* _EXERCISE DETAILS_: Copy out exactly the lines from the one with "Poslední lednový den" through the last line of the listing below, both included, but none of the pictures.
= Beginning of Section =
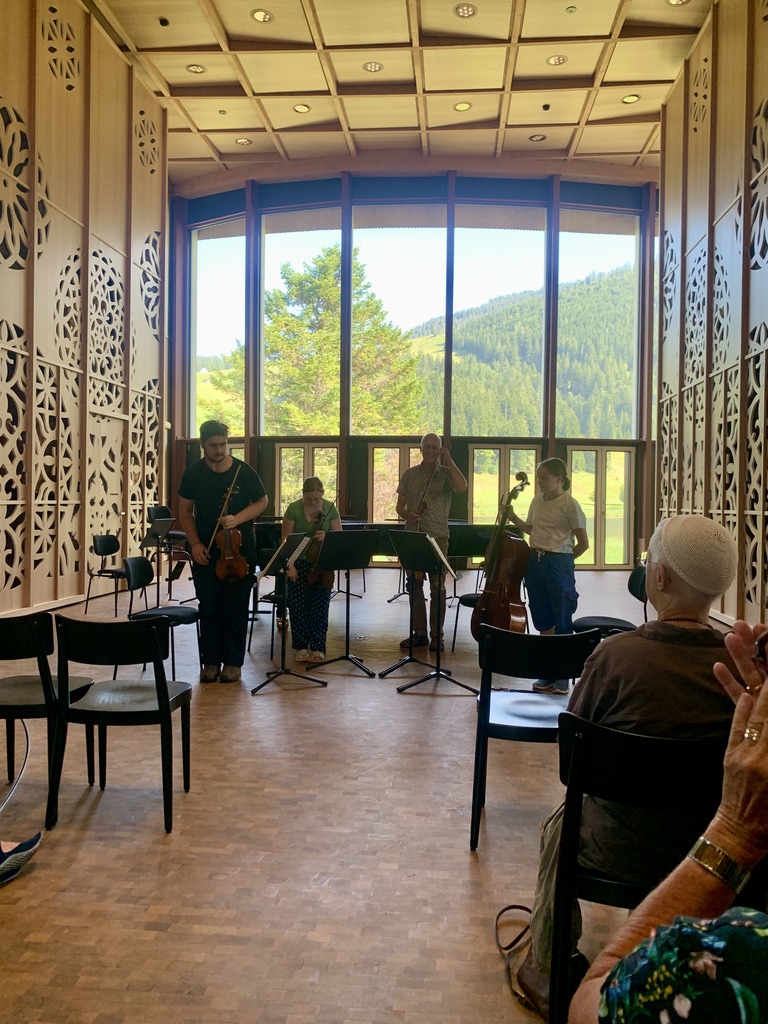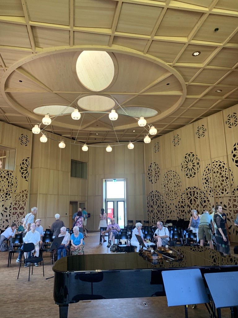 Over the last few years, they have been working on a new music hall next to the lake, the Klanghaus, which they finished this Spring. It is a beautiful building, and when we visited last year it piqued our curiosity. As luck would have it, they had a number of concerts scheduled, and on Thursday we were able to attend a practice session for free. The musicians were all very good, but it was obvious that the ones who came later were more advanced. Their teachers were there to guide them through the various scores, and it was interesting to see the pedagogy in action. The interior rooms are intricately designed. When we returned from the “concert” Ute had made a delicious mushroom soup with the chanterelles and some other mushrooms Winnie had found.
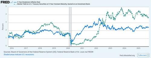 Currently, the yield on a five-year TIPS and a nominal Treasury bond is 1.15% and 3.65% respectively. Thus, the breakeven inflation rate is currently 2.50%.
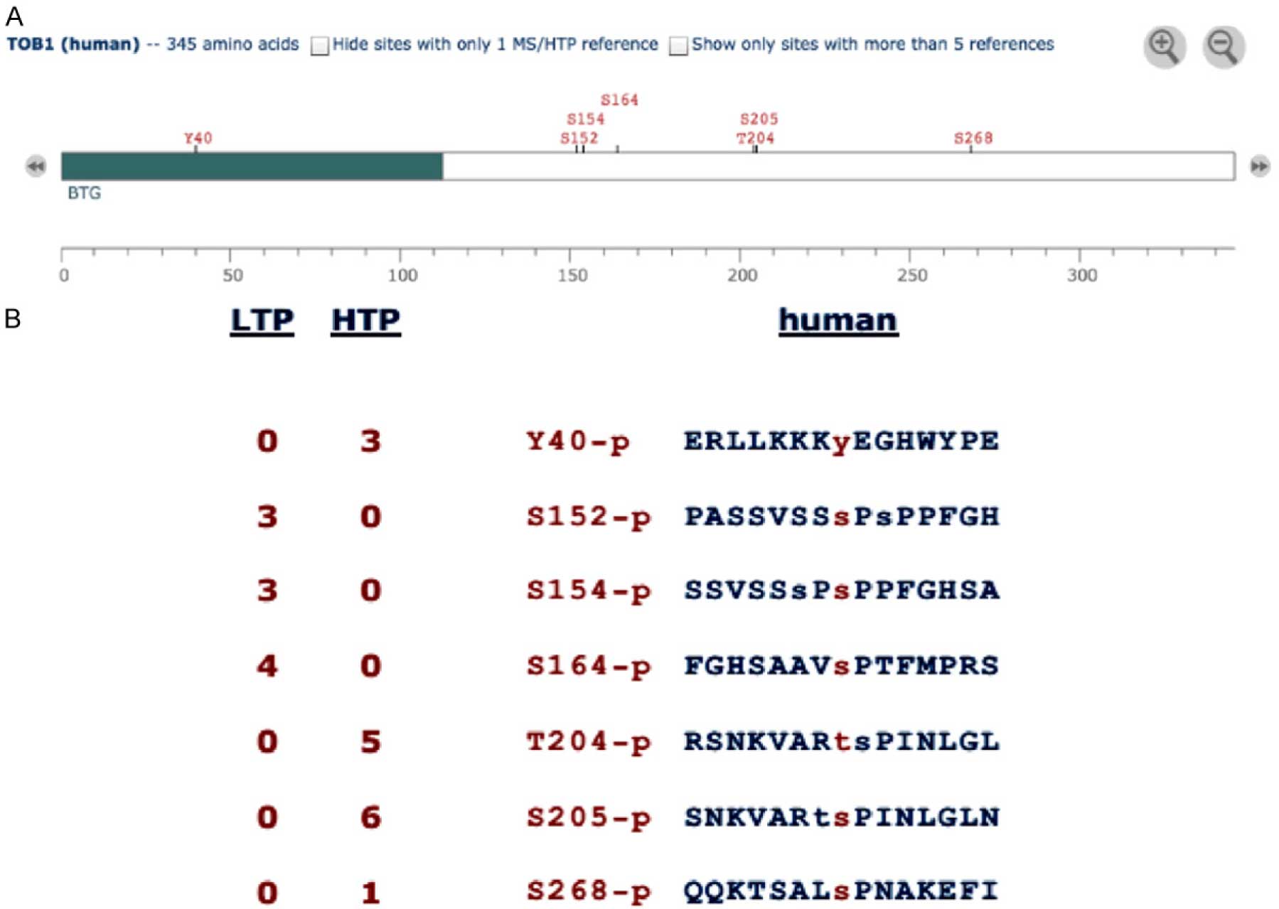 PhosphoSite-Plus软件被用来寻找phosTOB1的构造状态(图1),在已知的磷酸化网站主要是来自报告数据分析的低通量(LTP)和高通量(HTP)的检测,如磷酸化TOB1可能出现在多个位点,我们随后研究了磷酸化位点的TOB1胃粘膜上皮细胞系GES-1和胃癌细胞株HGC-27 AGS和MKN-1。
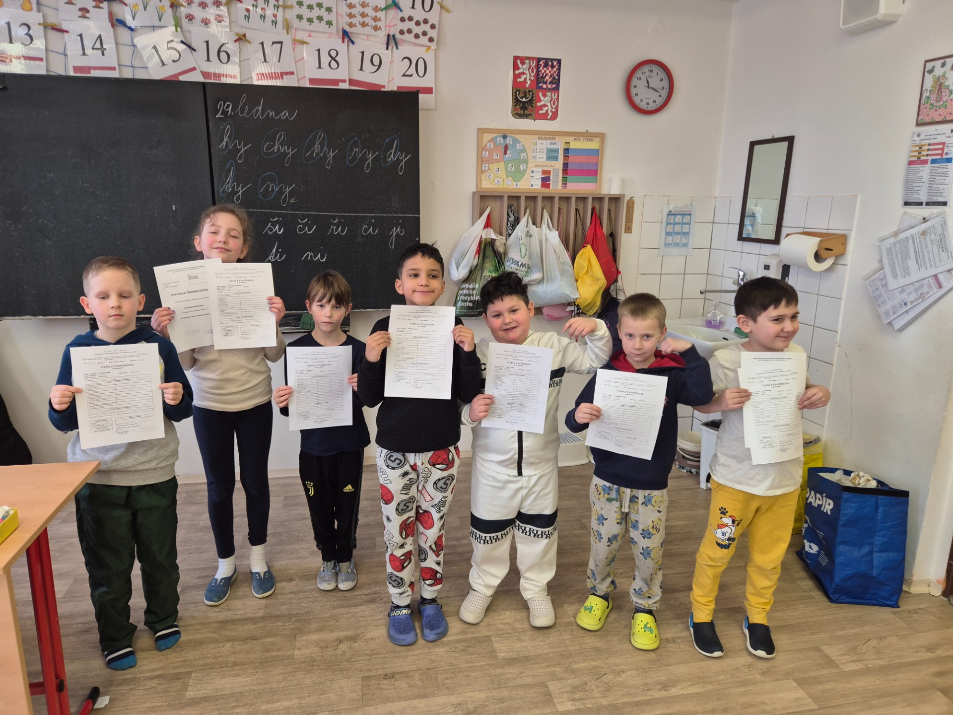 Poslední lednový den v naší škole patřil velké slávě. Zatímco pro prvňáčky to byla úplná premiéra, naši druháci už přesně věděli, co je čeká. Paní učitelka nejprve s dětmi zhodnotila celé první pololetí. Poté už přišla ta hlavní chvíle. Každý žák si za potlesku spolužáků došel k tabuli pro svoje vysvědčení. U většiny dětí převládaly jedničky. Teď už na naše malé školáky čekají zasloužené jednodenní pololetní prázdniny.
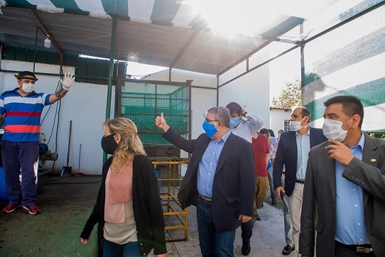La recorrida oficial incluyó una visita a las plantas productoras de aceite de oliva y aceitunas de la ciudad de Pomán, donde se mantiene la producción bajo estrictas medidas sanitarias.
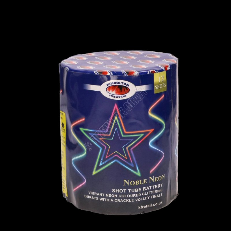 Vibrant neon coloured bursts with glitter, great variety, finale crackle volley with blue stars.
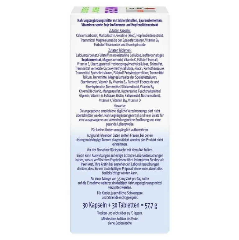 Zutaten Kapseln: Calciumcarbonat, Maltodextrin, Gelatine (Rind), Hopfenblütenextrakt, Trennmittel Magnesiumsalze der Speisefettsäuren, Vitamin B6, Farbstoff Eisenoxide und Eisenhydroxide.Zutaten Tabletten: Calciumcarbonat, Füllstoff mikrokristalline Cellulose, isoflavonhaltiges SOJAKONZENTRAT, Magnesiumoxid, Vitamin C, Füllstoff Isomalt, Vitamin E, Überzugsmittel Hydroxypropylmethylcellulose, Zinksulfat, Trennmittel vernetzte Carboxymethylcellulose, Niacin, Pantothensäure, Trennmittel Speisefettsäuren, Füllstoff Polyvinylpyrrolidon, Trennmittel Talkum, Trennmittel Magnesiumsalze der Speisefettsäuren, Eisenfumarat, Vitamin B1, Vitamin B2, Farbstoff Eisenoxide und Eisenhydroxide, Trennmittel Siliciumdioxid, Vitamin B6, Chrom(III)-chlorid, Mangansulfat, Kupfersulfat, Feuchthaltemittel Glycerin, Vitamin A, Folsäure, Biotin, Kaliumiodid, Natriumselenit, Vitamin K, Vitamin B12, Vitamin D.
= End of Section =
* _RESULT OF THIS TASK_:
 Poslední lednový den v naší škole patřil velké slávě. Zatímco pro prvňáčky to byla úplná premiéra, naši druháci už přesně věděli, co je čeká. Paní učitelka nejprve s dětmi zhodnotila celé první pololetí. Poté už přišla ta hlavní chvíle. Každý žák si za potlesku spolužáků došel k tabuli pro svoje vysvědčení. U většiny dětí převládaly jedničky. Teď už na naše malé školáky čekají zasloužené jednodenní pololetní prázdniny.
La recorrida oficial incluyó una visita a las plantas productoras de aceite de oliva y aceitunas de la ciudad de Pomán, donde se mantiene la producción bajo estrictas medidas sanitarias.
 Vibrant neon coloured bursts with glitter, great variety, finale crackle volley with blue stars.
 Zutaten Kapseln: Calciumcarbonat, Maltodextrin, Gelatine (Rind), Hopfenblütenextrakt, Trennmittel Magnesiumsalze der Speisefettsäuren, Vitamin B6, Farbstoff Eisenoxide und Eisenhydroxide.Zutaten Tabletten: Calciumcarbonat, Füllstoff mikrokristalline Cellulose, isoflavonhaltiges SOJAKONZENTRAT, Magnesiumoxid, Vitamin C, Füllstoff Isomalt, Vitamin E, Überzugsmittel Hydroxypropylmethylcellulose, Zinksulfat, Trennmittel vernetzte Carboxymethylcellulose, Niacin, Pantothensäure, Trennmittel Speisefettsäuren, Füllstoff Polyvinylpyrrolidon, Trennmittel Talkum, Trennmittel Magnesiumsalze der Speisefettsäuren, Eisenfumarat, Vitamin B1, Vitamin B2, Farbstoff Eisenoxide und Eisenhydroxide, Trennmittel Siliciumdioxid, Vitamin B6, Chrom(III)-chlorid, Mangansulfat, Kupfersulfat, Feuchthaltemittel Glycerin, Vitamin A, Folsäure, Biotin, Kaliumiodid, Natriumselenit, Vitamin K, Vitamin B12, Vitamin D.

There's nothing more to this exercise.